Hal yang perlu diingat adalah bahwa pemahaman tentang timbulnya fatigue dan pengaruhnya terhadap performance yang dicurigai sebagai penyebab terjadinya insiden atau accident antara kasus kecelakaan yang satu dan lainnya tidak selalu sama. Tulisan ini bersifat informatif bersumber dari studi literatur yang didasarkan atas penelitian empirik maupun studi kasus (lihat daftar kepustakaan).


Pengertian
Secara harafiah, fatigue dapat diartikan secara sederhana sama dengan kelelahan yang sangat (deep tiredness), mirip stres, bersifat kumulatif. Bila dikaitkan dengan pengalaman seperti apa sebenarnya fatigue itu, pengertiannya menjadi bervariasi. Dari berbagai literatur, fatigue sering dihubungkan dengan kondisi kurang tidur, kondisi akibat tidur yang terganggu, atau kebutuhan kuat untuk tidur yang berhubungan dengan panjangnya waktu kerja, dan stres-stres kerja (dan penerbangan) yang bervariasi. Ahli lainnya sering mengkaitkan fatigue dengan perasaan lelah bersifat subjektif, hilangnya perhatian bersifat temporer, dan menurunnya respon psikomotor ; atau, berhubungan dengan gejala-gejala yang dikaitkan dengan menurunnya efisiensi performance dan skill; atau, berhubungan dengan menurunnya performance sebagai hasil dari akumulasi stres-stres dalam penerbangan. Fatigue juga kerap dikaitkan dengan kondisi non-patologis yang dapat membuat kemampuan seseorang menurun dalam mempertahankan kinerja yang berhubungan dengan stres fisik maupun mental ; atau, terganggunya siklus biologis tubuh (jet lag).


Macam Fatigue
Terdapat dua macam fatigue, yaitu fatigue jangka pendek (short-term fatigue) dan fatigue jangka panjang (long-term fatigue/chronic fatigue).

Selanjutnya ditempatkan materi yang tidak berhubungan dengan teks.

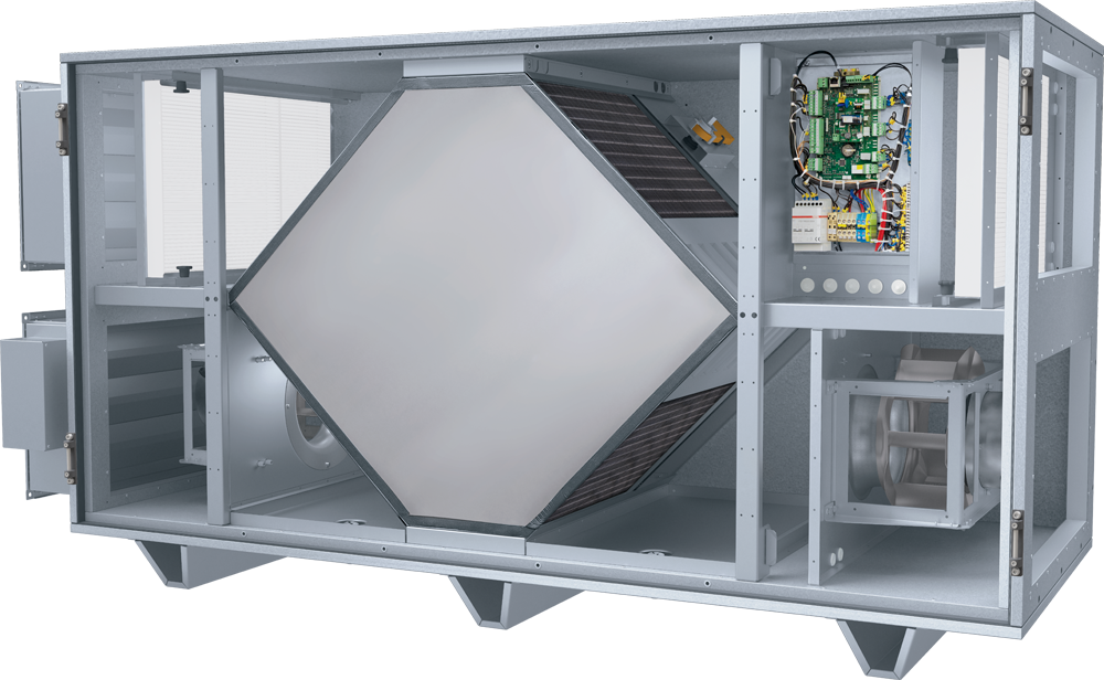 Vysokoúčinný protiprúdový výmenník tepla vyrobený z profilovaných hliníkových platní, plnený elastickým tepelne odolným tmelom. Odtoková vaňa z nehrdzavejúcej ocele na prívodnej aj výfukovej strane.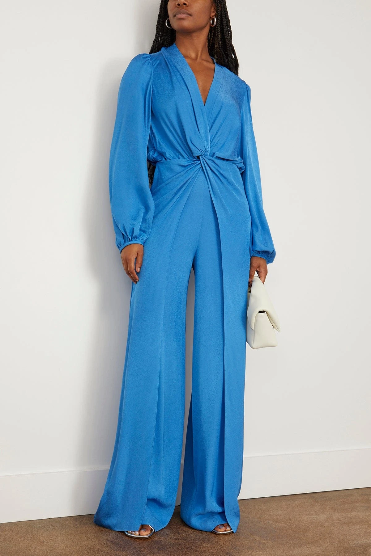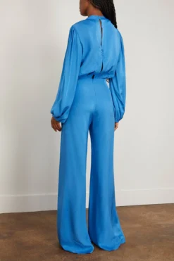 The Silvia Tcherassi Arnetia Jumpsuit has a throwback inspired look you’ll love. This jumpsuit features their signature twist front with wide, tailored legs and a blouson sleeves. Wear yours with heels and a shoulder bag.
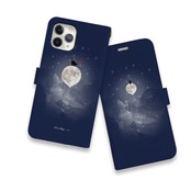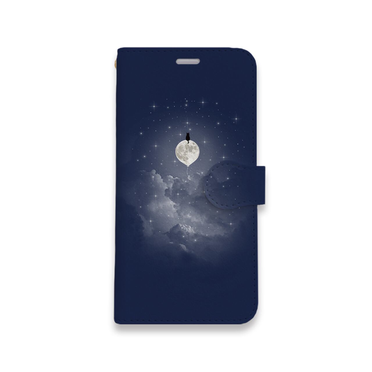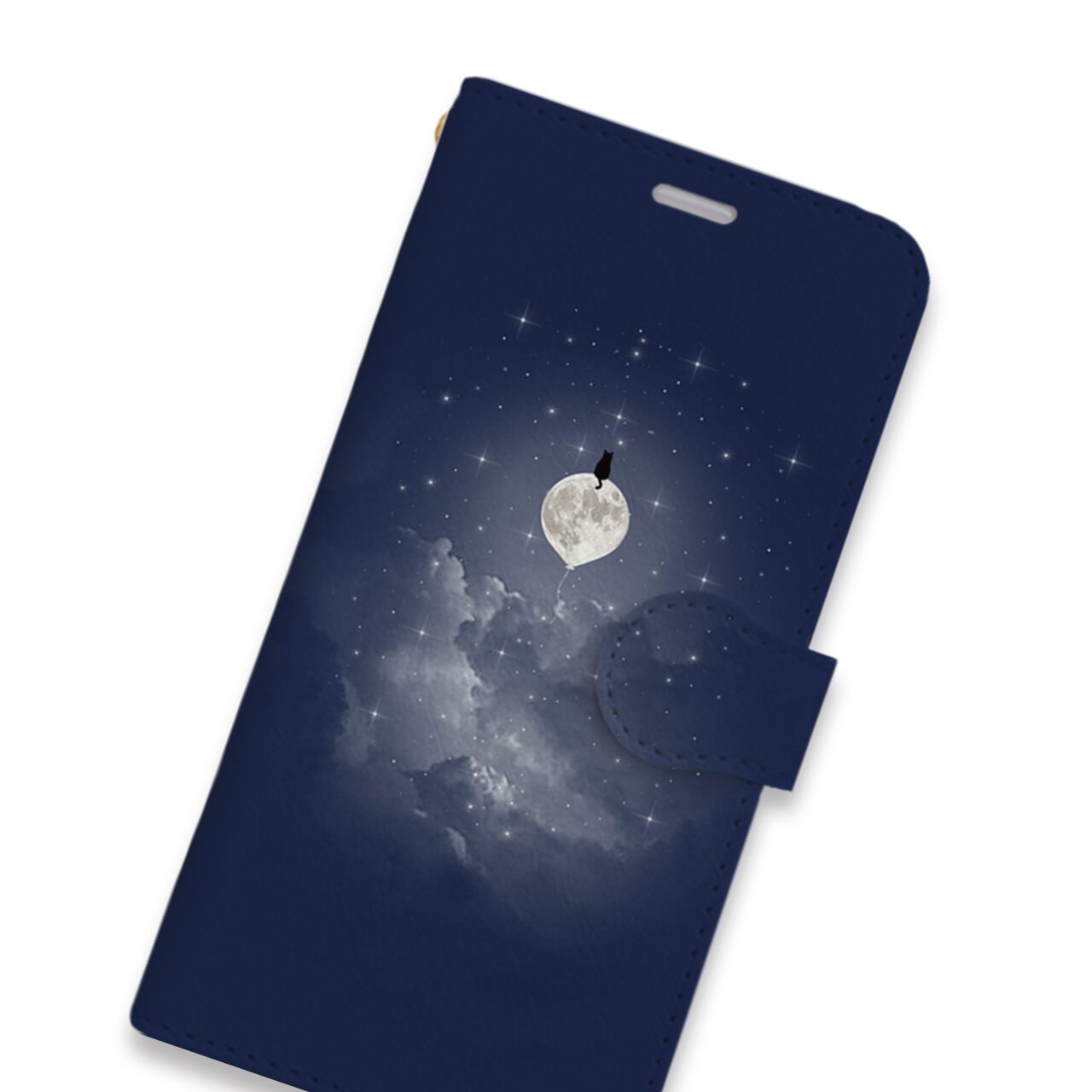 満月の風船で空中遊泳を楽しむ黒猫を幻想的に描いた手帳型ケースです。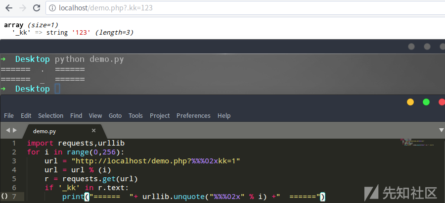 这是由于在PHP中,对于传入的非法的 $_GET 数组参数名,会将其转换成下划线,这就导致我们正则匹配失效。我们可以 fuzz 一下PHP会将哪些符号替换成下划线,发现有:(这是非法字符不为首字母的情况)

  Short-term fatigue, sering dihubungan dengan kelelahan yang biasanya dikaitkan dengan kurang tidur atau  
  istirahat, kerja fisik atau mental yang berlebihan, periode waktu tugas yang lama, kurang asupan, atau jet lag.
  Short-term fatigue relatif mudah dikenali dan dapat diatasi dengan tidak terbang dan beristirahat yang cukup.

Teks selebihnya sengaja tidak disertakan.